Gill had gone under my reading radar apart from an occasional glance at his television reviews, which I didn’t pay much attention to simply because I don’t watch much television. I will now certainly go back to his travel writing, which is showcased here in the second section. I particularly enjoyed the piece on India and certainly agree with his assessment: “[If] you’re only planning on visiting one foreign country in this life, you should probably make it India.” He also offers advice on going to Bhutan, where I plan to go next year: “If you’re flying to Bhutan, sit on the left. You overtake eight of the ten highest mountains in the world on the left-hand side, and that alone is worth the steep price of the ticket.”

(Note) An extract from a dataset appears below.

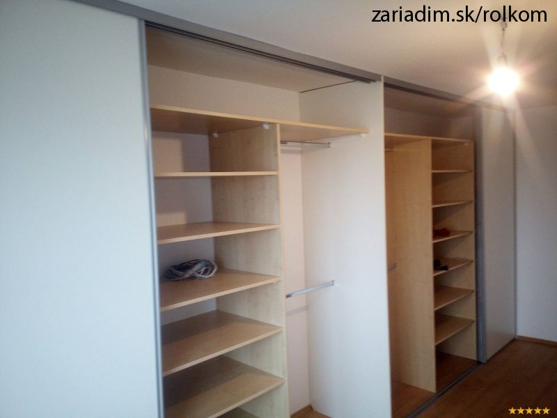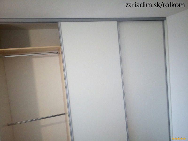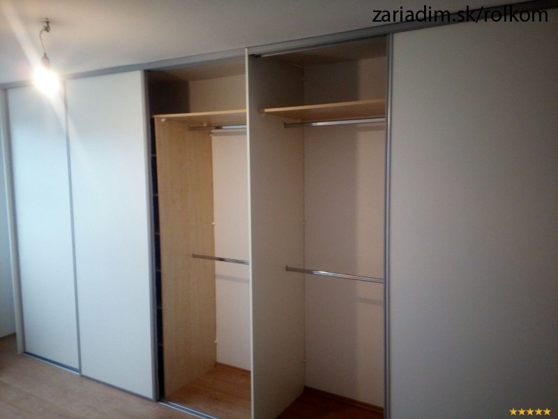 Skriňa o rozmere š 550 cm, v 258 cm, h 75 - 9 cm. Použitý materiál Biela perlička, Zrkadlo Strieborné, Javor a rám Oceľový Striebro.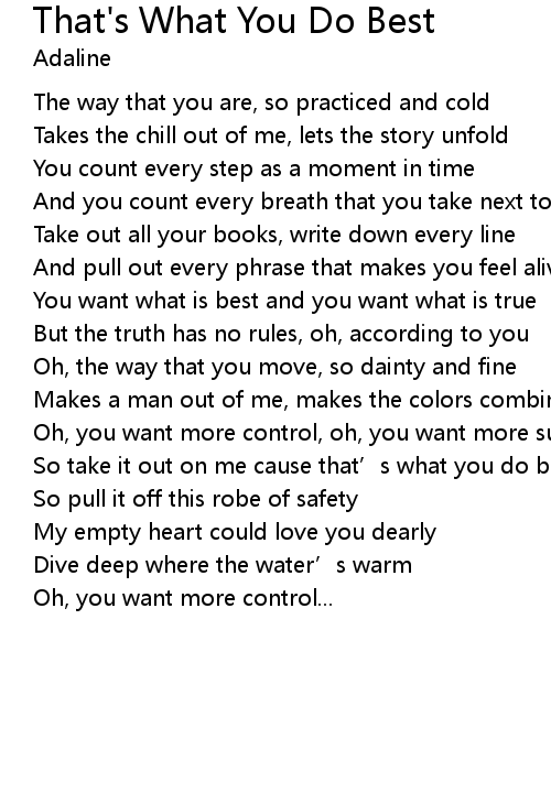 | Song | That's What You Do Best |

I had a Harris tweed jacket when I was a boy and I loved it above anything I had ever worn and I would have worn it forever. A few years ago I bought a second-hand one for €67, in mint condition, in the Harlequin second-hand shop in Dublin and I love it just as much. It’s the jacket that is me, a marvellous deep, dark landscape green, all “tint and fleck” as Heaney once put it, writing of trout flies. Just putting it on feels right. I have now come to think of it as the same one I wore as a boy: it feels ageless and it will never wear. It’s hardly surprising then that I loved Gill’s “Tweed”: “Tweed is a parable, a stereotype of Britishness. We are tweedy. Tweed is taciturn and hardworking, sturdy, dependable, loyal. Tweed doesn’t get soppy or go limp. It fits with the familiarity of first-name terms, and it always has a mint, a penknife and a pebble in its pocket.” Indeed, it does.
Style indeed, Bojo was right for once.
Patrick Claffey is Wallace Adjunct associate professor in the department of religions and theology at Trinity College Dublin.